Segment Open

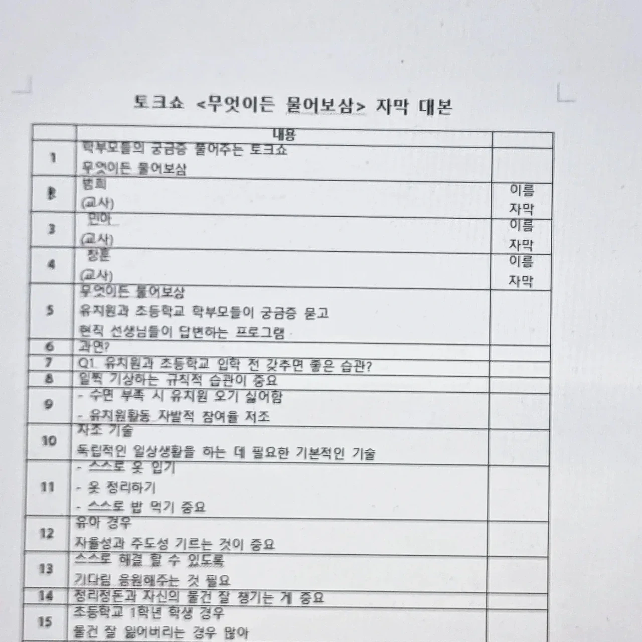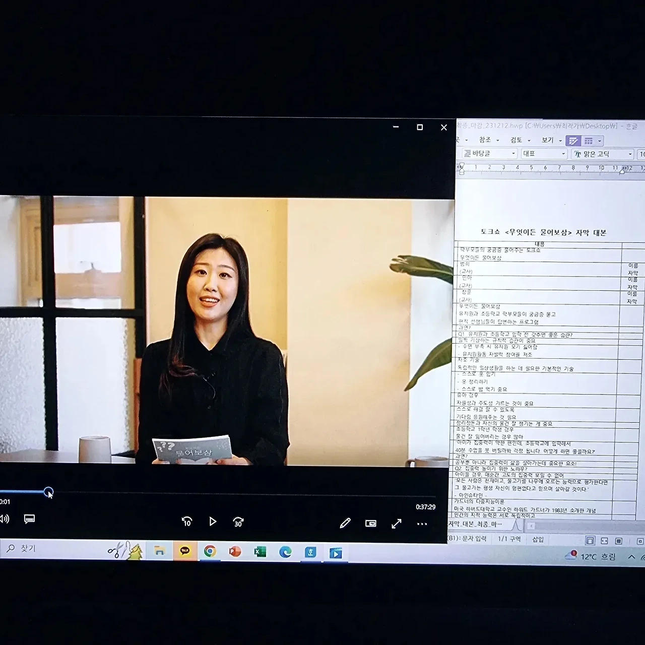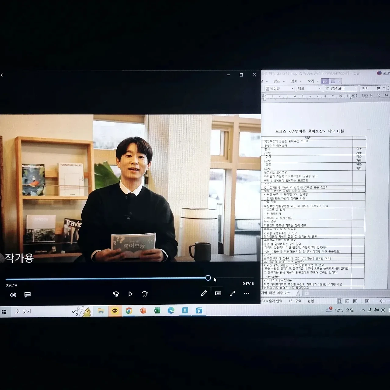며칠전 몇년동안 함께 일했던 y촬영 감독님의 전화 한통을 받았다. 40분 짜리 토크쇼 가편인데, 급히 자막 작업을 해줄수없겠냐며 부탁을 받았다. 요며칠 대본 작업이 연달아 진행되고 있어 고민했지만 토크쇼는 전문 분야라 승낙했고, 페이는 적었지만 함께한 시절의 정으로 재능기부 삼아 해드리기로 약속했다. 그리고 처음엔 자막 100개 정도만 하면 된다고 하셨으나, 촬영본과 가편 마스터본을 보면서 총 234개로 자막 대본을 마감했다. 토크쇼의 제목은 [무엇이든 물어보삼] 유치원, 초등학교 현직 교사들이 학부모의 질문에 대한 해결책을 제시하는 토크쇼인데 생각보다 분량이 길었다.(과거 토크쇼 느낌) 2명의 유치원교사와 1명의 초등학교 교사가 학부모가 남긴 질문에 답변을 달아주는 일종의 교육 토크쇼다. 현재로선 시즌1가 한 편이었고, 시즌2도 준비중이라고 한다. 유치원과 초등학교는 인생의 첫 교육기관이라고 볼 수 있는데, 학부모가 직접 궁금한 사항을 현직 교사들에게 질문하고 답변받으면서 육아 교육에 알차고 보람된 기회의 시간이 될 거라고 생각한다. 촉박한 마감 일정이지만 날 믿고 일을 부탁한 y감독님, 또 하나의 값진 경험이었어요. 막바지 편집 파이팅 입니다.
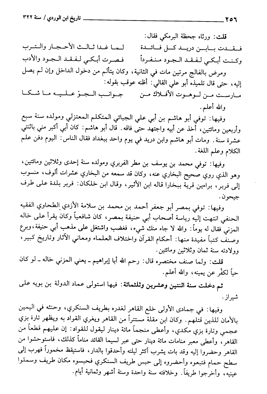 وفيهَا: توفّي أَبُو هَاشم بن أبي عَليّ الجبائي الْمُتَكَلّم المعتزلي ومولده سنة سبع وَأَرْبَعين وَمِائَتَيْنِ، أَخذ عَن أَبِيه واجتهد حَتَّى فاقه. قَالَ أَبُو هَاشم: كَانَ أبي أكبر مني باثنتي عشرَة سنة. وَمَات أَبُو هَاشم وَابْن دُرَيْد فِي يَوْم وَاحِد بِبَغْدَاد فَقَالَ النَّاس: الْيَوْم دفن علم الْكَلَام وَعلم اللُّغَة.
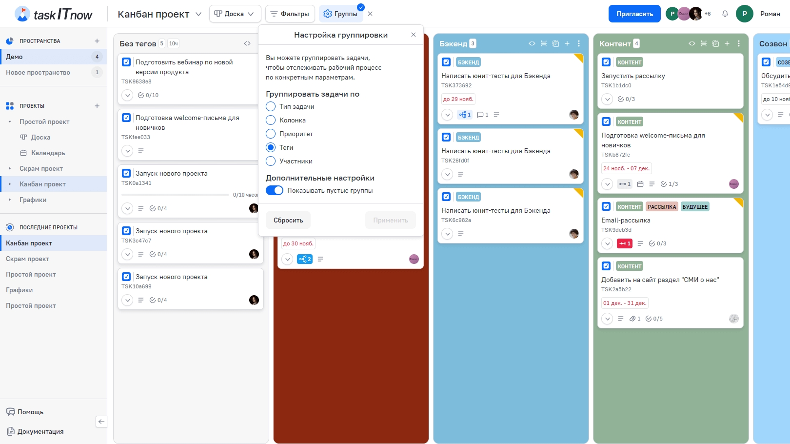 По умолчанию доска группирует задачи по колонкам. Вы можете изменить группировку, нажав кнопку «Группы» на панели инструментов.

Segment Closed

**TASK:**
Each word of the data should be repeated exactly, and the pictures left out.

**TASK SOLUTION:**
며칠전 몇년동안 함께 일했던 y촬영 감독님의 전화 한통을 받았다. 40분 짜리 토크쇼 가편인데, 급히 자막 작업을 해줄수없겠냐며 부탁을 받았다. 요며칠 대본 작업이 연달아 진행되고 있어 고민했지만 토크쇼는 전문 분야라 승낙했고, 페이는 적었지만 함께한 시절의 정으로 재능기부 삼아 해드리기로 약속했다. 그리고 처음엔 자막 100개 정도만 하면 된다고 하셨으나, 촬영본과 가편 마스터본을 보면서 총 234개로 자막 대본을 마감했다. 토크쇼의 제목은 [무엇이든 물어보삼] 유치원, 초등학교 현직 교사들이 학부모의 질문에 대한 해결책을 제시하는 토크쇼인데 생각보다 분량이 길었다.(과거 토크쇼 느낌) 2명의 유치원교사와 1명의 초등학교 교사가 학부모가 남긴 질문에 답변을 달아주는 일종의 교육 토크쇼다. 현재로선 시즌1가 한 편이었고, 시즌2도 준비중이라고 한다. 유치원과 초등학교는 인생의 첫 교육기관이라고 볼 수 있는데, 학부모가 직접 궁금한 사항을 현직 교사들에게 질문하고 답변받으면서 육아 교육에 알차고 보람된 기회의 시간이 될 거라고 생각한다. 촉박한 마감 일정이지만 날 믿고 일을 부탁한 y감독님, 또 하나의 값진 경험이었어요. 막바지 편집 파이팅 입니다.
 وفيهَا: توفّي أَبُو هَاشم بن أبي عَليّ الجبائي الْمُتَكَلّم المعتزلي ومولده سنة سبع وَأَرْبَعين وَمِائَتَيْنِ، أَخذ عَن أَبِيه واجتهد حَتَّى فاقه. قَالَ أَبُو هَاشم: كَانَ أبي أكبر مني باثنتي عشرَة سنة. وَمَات أَبُو هَاشم وَابْن دُرَيْد فِي يَوْم وَاحِد بِبَغْدَاد فَقَالَ النَّاس: الْيَوْم دفن علم الْكَلَام وَعلم اللُّغَة.
 По умолчанию доска группирует задачи по колонкам. Вы можете изменить группировку, нажав кнопку «Группы» на панели инструментов.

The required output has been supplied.